Neden ağladığıma gelirsek arka tarafımızda erkek yurdu var . buraya gelmeden önce de birkaç dedikodu duymuştum. İhtimal vermemiştim. Her yerin bir dedikodusu vardır diyerek gelmiştim buraya. Ama şuan bunun böyle olmadığını anlamıştım. Dün gece bazı sesler duymuştum. Ve ilk defa benim penceremin erkek yurduna bakmasına küfür etmiştim. Kızın biri iki tane erkeği odasına sokmuştu. Ortak odada böyle şeylerin burada çok olduğunu işittim. Bazı geceler ise odaya gizlice girermiş erkekler. Tabi kızların bazıları memnuniyetle bazısı da zorlamayla kabul ederlermiş. Sonrası ise malum olay. Dün geceden itibaren kapımı kilitliyordum. Yastığımın bir tarafında biber gazı bir tarafında ise bıçak tutuyordum. Oda kontrolü zaten olmuyordu. Ki iyi ki kilitlemişim diyorum. Çünkü dün gece tıkırtılarla uyanmıştım. Kapının önünden bir takım sesler geliyordu.

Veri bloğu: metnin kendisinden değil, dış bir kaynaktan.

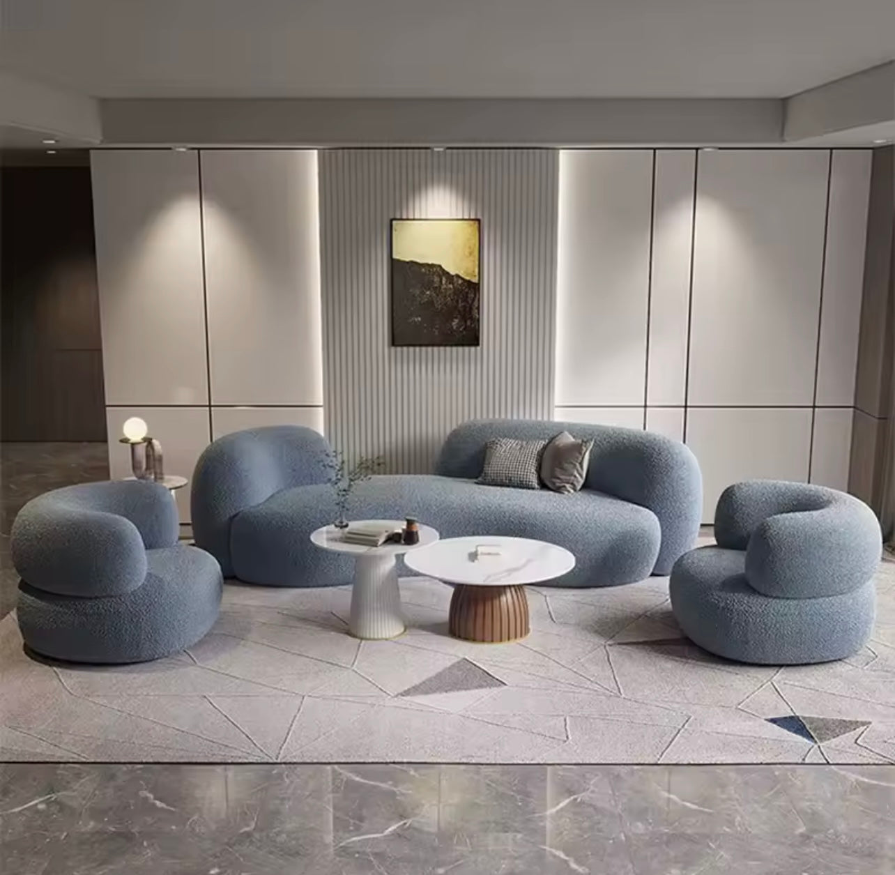 Bring soft, modern elegance to your living room with this Nordic curved lambswool sofa. The light-luxury fabric offers a plush, skin-friendly feel while resisting wear, dirt, and deformation over time.

Kızlar sanıp aldırmamıştım ama erkek seslerini duyunca kalbim korkuda deli gibi atmaya başlamıştı.
“ açamadım oğlum kapıyı “
“ yürü yürü gidelim yakalanıcaz şimdi “
Ve sonra birkaç adım sesi duymuştum sonrası tamamen sessizlik. Bir kahve yapıp kendime gelmiştim ama o gün sabaha kadar gözümü kırpmamıştım. Müdire hanım beni nereye koymuştu böyle ? niyetini bilmesem benim kötülüğümü düşünüyor diyecektim ama hayır o iyi bir kadındı. Bütün çocuklara sevgisini vermeye çalışmıştı ve biraz olsun bizim kalbimizde ki açığı kapatmayı başarmıştı lakin bir annenin sıcaklığını ya da bir babanın kollarını tutmuyordu. Kendi yaralarımızı kendimiz sarmıştık. Düştük ama bir yolunu bulup yeniden kalktık ayağa. Yeri geldi kendi yaramı sarmadım. Kabuk tutmasını bekledim. izi kalacağını bilsem de buna ihtiyacım vardı. Bunu sonra on sekiz yılda çok iyi öğrenmiştim. ve şimdi de bir bilinmezliğin ortasında kalmıştım. Yine ! o adam. Kurtarmıştı kurtarmasına da ne yapacaktım yaşayıp. Evim mi vardı ? iş ? yemek ? hiçbiri yoktu. Köşede kalan paramda azalıyordu. Para bulmam gerekiyordu . bu da çalışmaktan geçiyordu . geçmesine de nerde bulacaktım bu işi ? bulacağım demişti seni. Kurtulamazmışım elinden. O günü sabırsızlıkla bekliyordum. Silahı vardı. Acaba . yok hayır ya olamaz değil mi mafya falan ? tamam dünyada her şey mevcuttu ama bunun gelip de bana çatması tamamıyle saçmalığın daniskasıydı. Masum kız ve mafya klasik ama eğlenceliydi. Bu da benim hayal gücüm işte.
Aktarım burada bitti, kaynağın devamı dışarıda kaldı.